● What is expected
Pictures excluded, copy every record that follows exactly as it appears.

● Exercise data
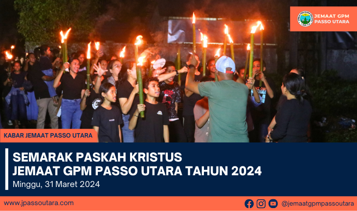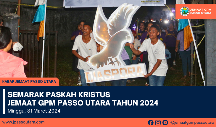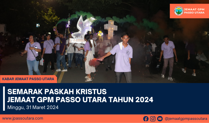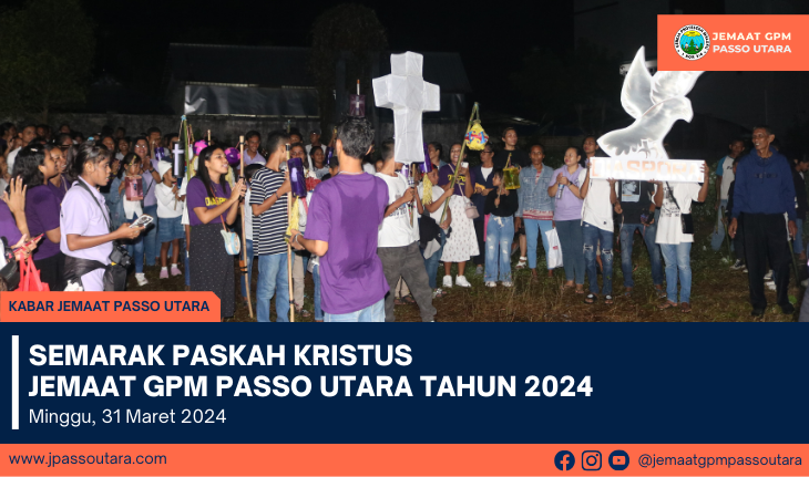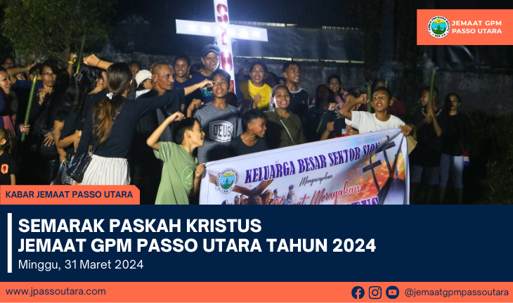 Jemaat GPM Passo Utara melaksanakan Perayaan Paskah Yesus Kristus. kegiatan diawali dengan Perayaan Paskah di Masing-Masing Sektor yaitu Diaspora, Siloam, Sion, Yarden, serta Hermon yang dilanjutkan dengan arak-arakan obor perayaan paskah.
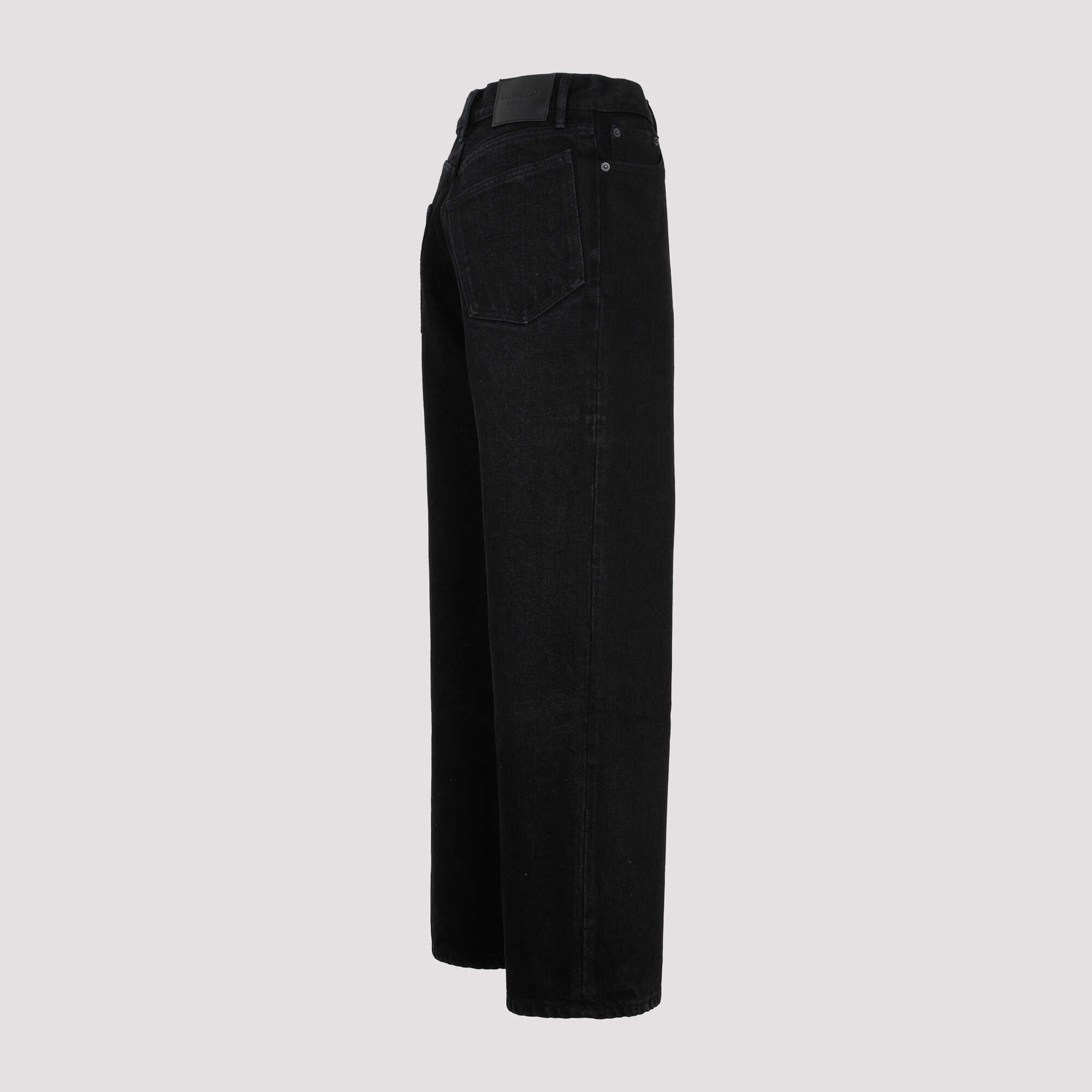 Balenciaga Black Cotton Ankle Cut Jeans. Crafted in pure pitch black cotton denim. Front concealed button fastening with visible top button, belt loops, five-pocket construction, ankle length, Balenciaga logo patch on the back, straight hem.
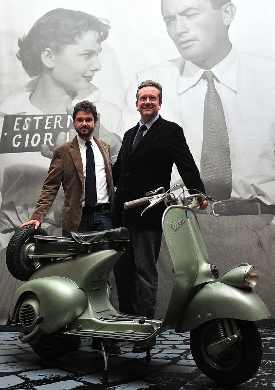 25.10.2011Los hijos de la actriz, Luca (i) y Sean (d) posan junto a la Vespa de 'Vacaciones en Roma'APZ/ej -
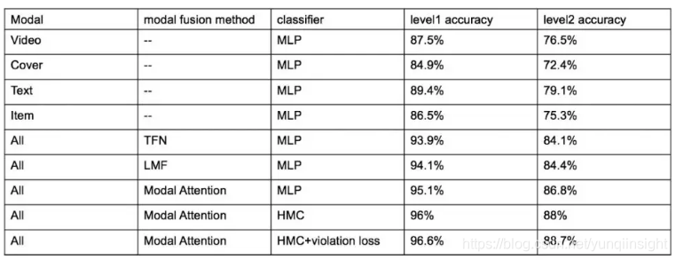 (2) 淘宝视频不同模态之间信息通常是不一致的,这些不一致的模态信息之间有些内容和类别标签息息相关,有些内容则相关性较低。为了关注那些与类别标签相关性更高的模态信息,降低对于不重要模态信息的关注程度,我们提出了基于Modal Attention的多模态特征融合方法。Modal Attention基于融合的特征向量预测一个模态个数维度的基于多模态联合特征的对于不同模态的重要性分布概率,这个模态分布概率与多模态融合特征做点积,得到对于不同模态特征重要性重新加权过后的新的多模态融合特征。从表格1可以看出,基于Modal Attention的多模态特征融合方法的准确率显著超过了TFN和LMF,验证了基于Modal Attention的多模态特征融合方法的优势。
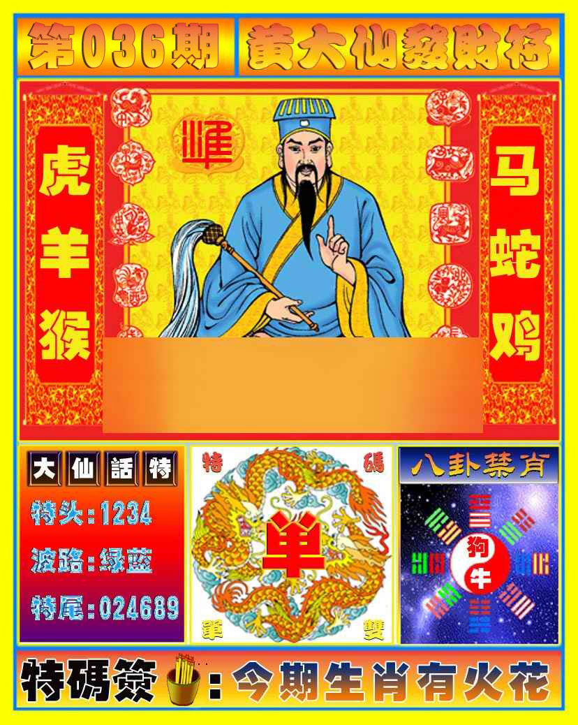 036期: 香港六合彩 『黄大仙灵码』已更新

● Output of the task
 Jemaat GPM Passo Utara melaksanakan Perayaan Paskah Yesus Kristus. kegiatan diawali dengan Perayaan Paskah di Masing-Masing Sektor yaitu Diaspora, Siloam, Sion, Yarden, serta Hermon yang dilanjutkan dengan arak-arakan obor perayaan paskah.
 Balenciaga Black Cotton Ankle Cut Jeans. Crafted in pure pitch black cotton denim. Front concealed button fastening with visible top button, belt loops, five-pocket construction, ankle length, Balenciaga logo patch on the back, straight hem.
 25.10.2011Los hijos de la actriz, Luca (i) y Sean (d) posan junto a la Vespa de 'Vacaciones en Roma'APZ/ej -
 (2) 淘宝视频不同模态之间信息通常是不一致的,这些不一致的模态信息之间有些内容和类别标签息息相关,有些内容则相关性较低。为了关注那些与类别标签相关性更高的模态信息,降低对于不重要模态信息的关注程度,我们提出了基于Modal Attention的多模态特征融合方法。Modal Attention基于融合的特征向量预测一个模态个数维度的基于多模态联合特征的对于不同模态的重要性分布概率,这个模态分布概率与多模态融合特征做点积,得到对于不同模态特征重要性重新加权过后的新的多模态融合特征。从表格1可以看出,基于Modal Attention的多模态特征融合方法的准确率显著超过了TFN和LMF,验证了基于Modal Attention的多模态特征融合方法的优势。
 036期: 香港六合彩 『黄大仙灵码』已更新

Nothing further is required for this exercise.